EXCERPTED DATA:
┌──

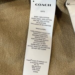 Coach Signature Zip-up sweater unisex and nice baggy fit. It is a heavy jacket and very comfortable. The hood is big and nice and snug. I wore it a handful of times it is basically brand new.
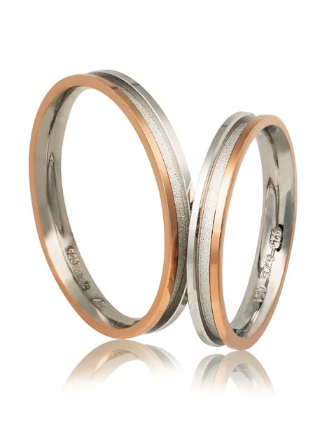 Ζευγάρι βέρεςγ άμου από Ασήμι 925 και Χρυσό 9Κ σε ροζ.Η βάση τους είναι σατινέ ενώ το ένθετο είναι λουστρέ.Η γυναικεία μπορεί να στολιστεί και με πέτρες ημιπολύτιμες (ζιργκόν) ενώ το μέγεθος τους προσαρμόζεται με το νούμερο της αρεσκείας σας.
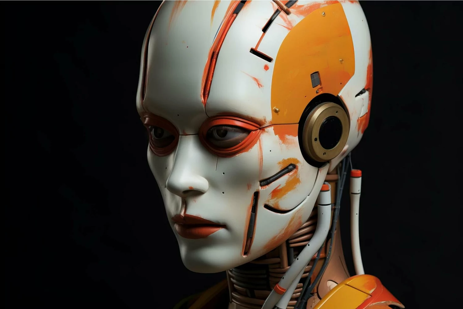 Incomplete android. Cyborg head futuristic. Generate Ai
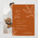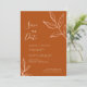 Bjud in dina vänner och nära och kära till en virtuell bröllopsfirande med denna eleganta och chic save the date-inbjudan med en jordtonad terrakottakolor palette med skissartad blad design. Anpassa den med dina egna bröllopsdetaljer och foto på baksidan.
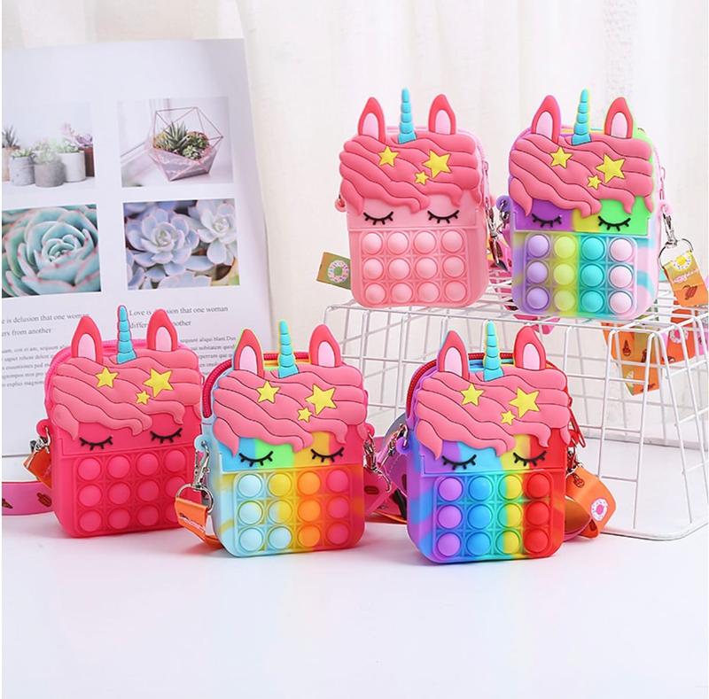 В наличии🤩🤩🤩 В 4 расцветках Сумочка через плече Единорог POP IT Маленькая сумка Поп Ит Единорог - уникальный аксессуар, она легко чистится и в ней можно переносить все мелкие необходимые вещи. Идеально подходит для встреч, прогулок Отлично подойдет в качестве подарка для маленьких модниц❤ Размер 12 * 8,5 см
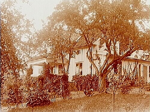 En och en halvvånings bostadshus med frontespis, förstuga, veranda och balkong. Baksidan.
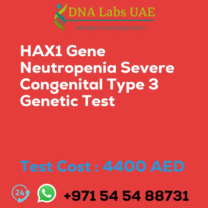 The cost of the HAX1 Gene Neutropenia Severe Congenital Type 3 Genetic Test at DNA Labs UAE is 4400 AED. This investment covers the comprehensive analysis necessary to accurately diagnose this condition, guiding families and healthcare providers in making informed decisions regarding the care and treatment of patients with SCN3.
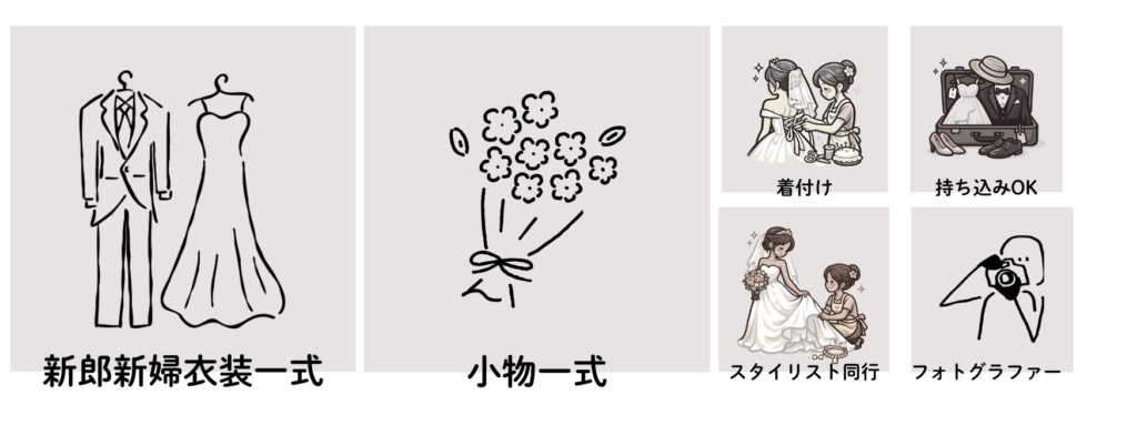 | Q.衣装や撮影小物の持ち込みは可能ですか? | A. 衣装のお持ち込みは無料です。お気にいりのドレスのお持ち込み大歓迎です。 思い出のお品やお好きなグッズもお持ち込み可能です。50カット以上のプランをお申込みくださいませ。 |

└──

BRIEF:
Repeat each record exactly, with the pictures left out.

SOLUTION TO THE EXERCISE:
 Coach Signature Zip-up sweater unisex and nice baggy fit. It is a heavy jacket and very comfortable. The hood is big and nice and snug. I wore it a handful of times it is basically brand new.
 Ζευγάρι βέρεςγ άμου από Ασήμι 925 και Χρυσό 9Κ σε ροζ.Η βάση τους είναι σατινέ ενώ το ένθετο είναι λουστρέ.Η γυναικεία μπορεί να στολιστεί και με πέτρες ημιπολύτιμες (ζιργκόν) ενώ το μέγεθος τους προσαρμόζεται με το νούμερο της αρεσκείας σας.
 Incomplete android. Cyborg head futuristic. Generate Ai
 Bjud in dina vänner och nära och kära till en virtuell bröllopsfirande med denna eleganta och chic save the date-inbjudan med en jordtonad terrakottakolor palette med skissartad blad design. Anpassa den med dina egna bröllopsdetaljer och foto på baksidan.
 В наличии🤩🤩🤩 В 4 расцветках Сумочка через плече Единорог POP IT Маленькая сумка Поп Ит Единорог - уникальный аксессуар, она легко чистится и в ней можно переносить все мелкие необходимые вещи. Идеально подходит для встреч, прогулок Отлично подойдет в качестве подарка для маленьких модниц❤ Размер 12 * 8,5 см
 En och en halvvånings bostadshus med frontespis, förstuga, veranda och balkong. Baksidan.
 The cost of the HAX1 Gene Neutropenia Severe Congenital Type 3 Genetic Test at DNA Labs UAE is 4400 AED. This investment covers the comprehensive analysis necessary to accurately diagnose this condition, guiding families and healthcare providers in making informed decisions regarding the care and treatment of patients with SCN3.
 | Q.衣装や撮影小物の持ち込みは可能ですか? | A. 衣装のお持ち込みは無料です。お気にいりのドレスのお持ち込み大歓迎です。 思い出のお品やお好きなグッズもお持ち込み可能です。50カット以上のプランをお申込みくださいませ。 |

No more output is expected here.